O Terceiro ano, as profissões e a construção de um violino

C U R R Í C U L O  W A L D O R F

Faz parte do currículo do terceiro ano de uma escola Waldorf a Época das profissões.

Após estudarem a  chegada do ser humano na terra, as crianças estudam como se foi adquirindo habilidades e ofícios necessários para a vida, desde as profissões primordiais até os dias de hoje. Elas as pesquisaram, contemplaram, desenharam, escreveram sobre as mesmas e, a cada semana, receberam em sala de aula os pais da turma para falar de suas ocupações e trajetórias profissionais.

É no terceiro ano também, na aula de música, que as crianças são introduzidas aos instrumentos de corda: violino, violoncelo, viola...

Pensando em correlacionar estes dois momentos de aprendizagem, a professora de música Marília Felicíssimo e a professora de classe do terceiro ano Thassia Oliveira desenvolveram uma atividade interdisciplinar: foram visitar a oficina de um luthier, André Spada, especialista em construção artesanal de instrumentos de corda.

Nesta visita, as crianças tiveram a oportunidade de ver como os instrumentos são construídos e conhecer as ferramentas utilizadas para a criação dos mesmos.

Para a experiência se fazer completa, outro luthier foi convidado para vir à escola e construir um instrumento com as crianças.

Federico Klurfan, luthier e músico, desenvolve um trabalho social com jovens e adultos em Cachoeiras de Macacu. Sem possibilidades para adquirirem os instrumentos industrializados, Federico constrói, com eles, violinos, pífanos e outros cordófonos com materiais sustentáveis como o bambu. Ele mesmo nos relata como foi a vivência com as crianças na Michaelis:

“Meu nome é Federico e faço parte de um coletivo artístico de luthieria sustentável, música e oficinas que se chama Camarada Matagal @camaradamatagal.

Fui convidado para dar uma oficina para crianças de 9 anos no Jardim-Escola Michaelis do Rio de Janeiro, onde confeccionamos com os alunos um violino de bambu. 

Esse instrumento foi inspirado em um violino indígena da região da Chiquitania boliviana. Nesta área, há 500 anos, os jesuítas montaram suas missões e ensinaram os indígenas das etnias Guaraní e Guarayos a tocarem o antigo violino barroco, também chamado de Rabeca (lembrando que não existia o violino moderno, como conhecemos hoje)Aparentemente os nativos se apaixonaram pelo som, mas como os jesuítas não os deixaram levar os instrumentos para as aldeias, eles passaram a construir os seus próprios instrumentos. Foi então que eles criaram o primeiro violino taquara (bambu nativo) sulamericano. 

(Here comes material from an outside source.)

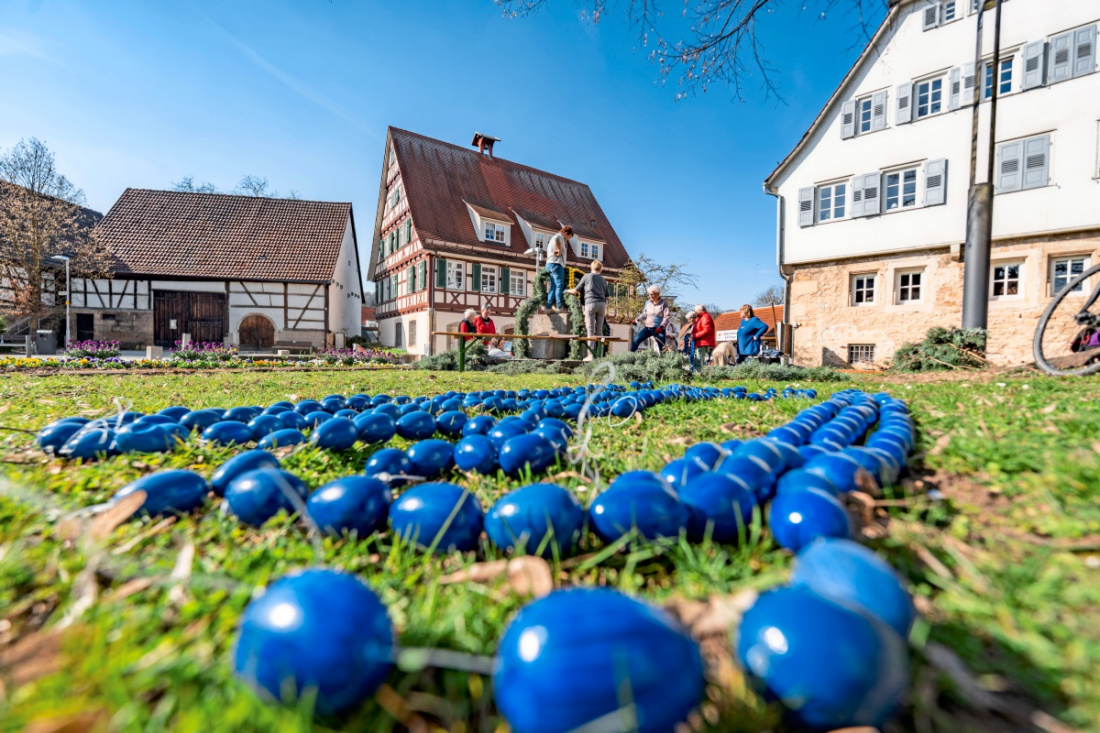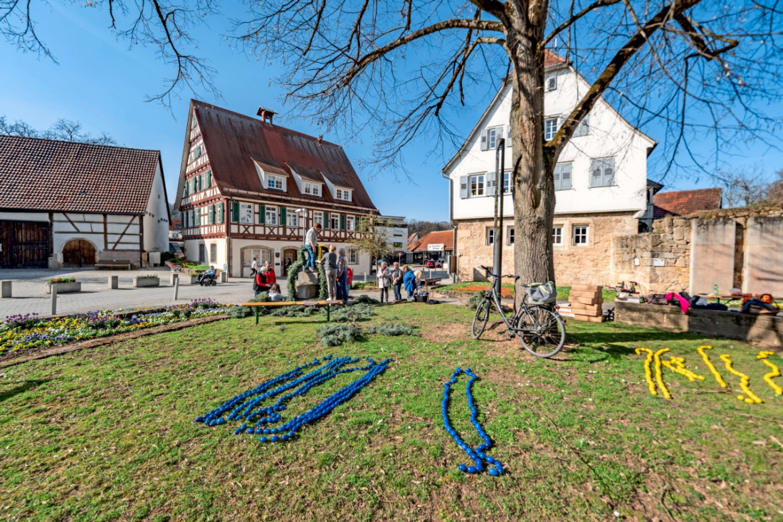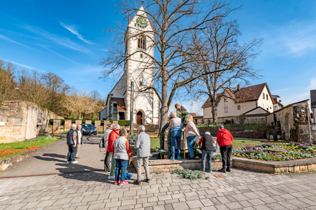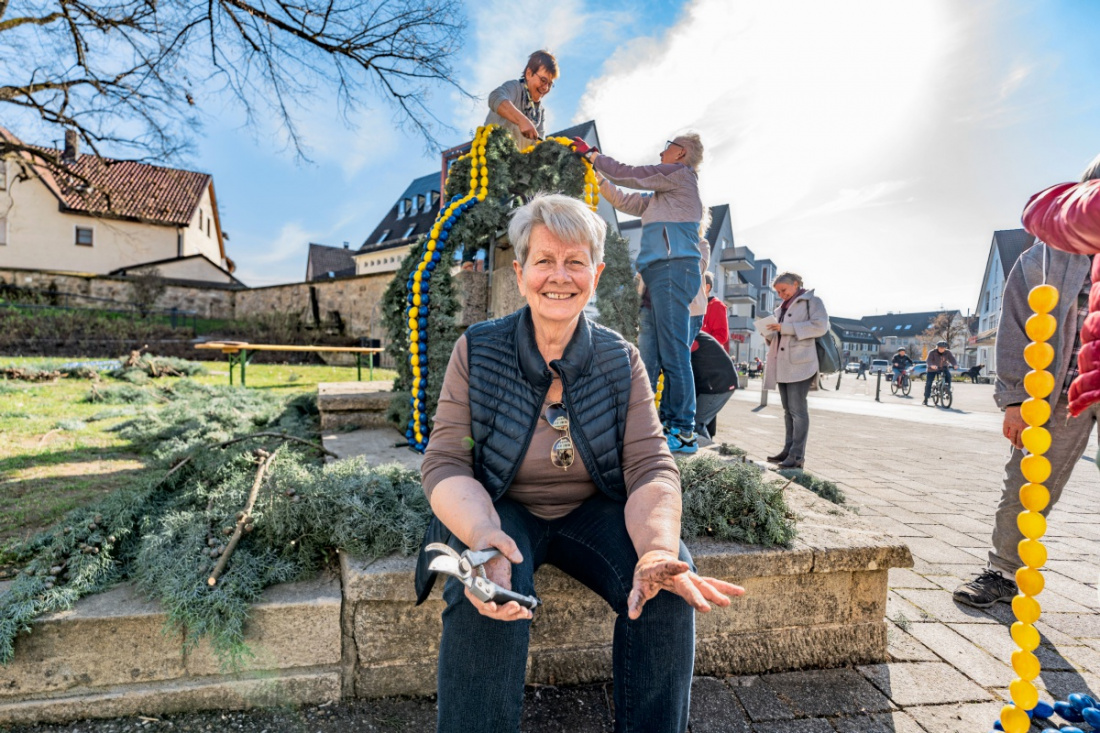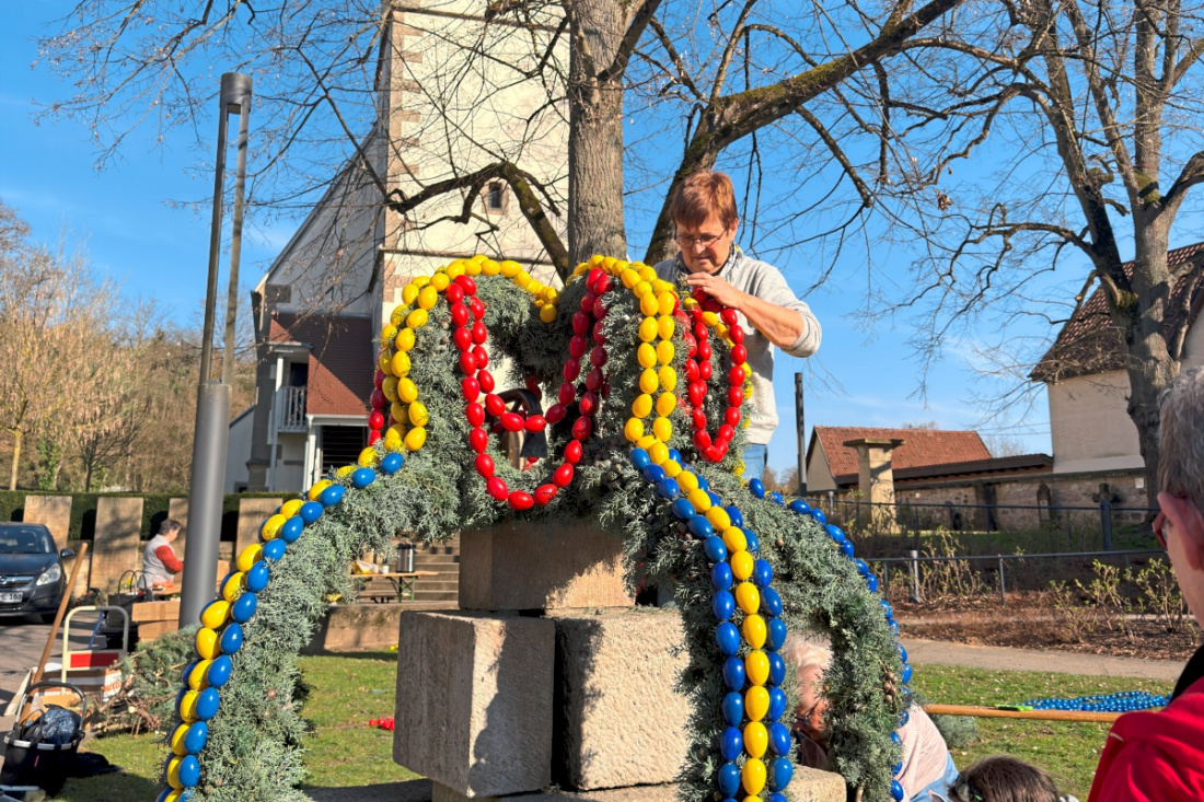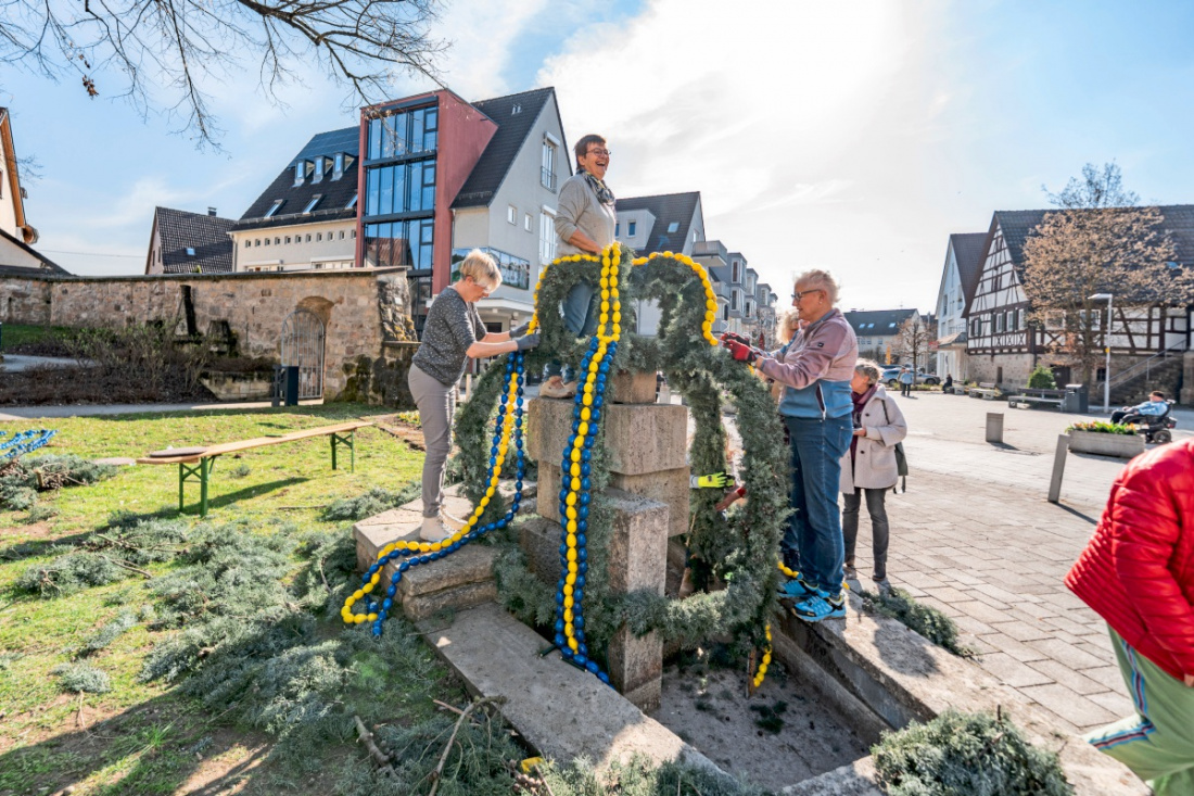 Viele Hände helfen beim Schmücken des Neckartenzlinger Osterbrunnens

Conheci alguns desses antigos instrumentos através da pesquisa de um músico e luthier argentino Ricardo Massur e passei a construir os meus próprios violinos, mais voltados para o ajuste e afinação do violino moderno. Meu objetivo era simplesmente a educação musical em comunidades isoladas ou carentes.

O material utilizado para a confecção do violino foi: bambu, madeiras recicladas, crina de cavalo, cordas de violino, fio de latão ou de eletricidade de 6mm.

Na oficina realizada na Michaelis, confeccionamos o corpo do instrumento, as cravelhas, o estandarte, a pestana, o rabicho e o arco. O violino de bambu finalizado será utilizado nas aulas de música e servirá de modelo para outros instrumentos a serem por eles criados.

O mais importante é que eles começaram a usar as ferramentas básicas de luthieria com segurança e trabalharam de diversas maneiras com a madeira e o bambu.”

Federico trouxe também um outro violino, feito por ele, e a escola o adquiriu com a renda arrecadada pela turma com as vendas de pães ao longo do ano.

Ambos os instrumentos ficarão para uso da escola e todos poderão tocá-los.

Foi uma experiência muito enriquecedora para os alunos visitar um luthier, ver os instrumentos que eles praticaram durante o ano todo, e depois construírem este instrumento com as próprias mãos. Mergulharam no fazer específico do trabalho e nas ferramentas necessárias para realizá-lo. 

Tiveram, com isto, a oportunidade de olhar mais atentamente para as possibilidades de atuação positiva no mundo, de maneira integral e saudável, mostrando que se pode transformar algo através de suas próprias  habilidades. Com certeza, esta vivência ficará guardada na memória e no espaço afetivo de todas as crianças.